BM: How will you create interest in that type of club?

RD: There used to be an old joke about clubs like Kiwanis – “in America you can always be president of something.” What they meant were clubs like the Elks and Kiwanis, and so on. In a Rube Goldberg kind of way, these clubs were part of the foundation of society. They gave philanthropically; they were available in times of crisis, but over time they became a kind of joke – until Katrina. During Katrina, I was in Europe and Europeans were asking me how we could just abandon a municipality like that. We’ve been in this accelerated decay for a long time. You have to bring citizens together around ideas. We don’t have any sense of history past our own childhood.

There was a reason why we used to send kids to school, and it wasn’t just warehousing them – but it is now. Parents don’t trust the idea of civics because the democratic ones think their kids are going to go to school and come out republican, and republicans think that their kids are going to come out democrats. The fact is, what you’re going to come out with is America.
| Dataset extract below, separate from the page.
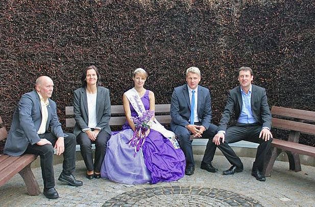 Dann wurde es aber ernst und der neugestaltete Saunagarten wurde übergeben. Für kn präsentiert hier Fliederkönigin Lisa I. das neue "feudale" Kleinod. Der idyllische Saunagarten wurde um ganze 25 Meter entlang der historischen Stadtmauer erweitert und neben den beiden Außensaunen durch neue Angebote bereichert. So entstanden hier ein großes Abkühlbecken (6x4m) mit Felsendusche, ein Ruhe- und Massagehaus, zusätzliche Sonnenliegeflächen, sowie eine Sole-Gradierwand. Zudem wurde der Fußreflexzonen-Massagepfad an einer anderen Stelle im Saunagarten neu angelegt.

The central point of American anxiety right now is that all of the verities have been removed. There’s nothing that connects us. No one is responsible. It’s not just Katrina, it’s also how we just go to ‘let the buyer beware.’ We aren’t taught to demand accountability. If you don’t know you can demand it, you won’t. That’s exactly what all of the villains count on. What the system allows for is to teach students how to be citizens, which means learning that they have the right to demand accountability and that there are common values that we all share as Americans.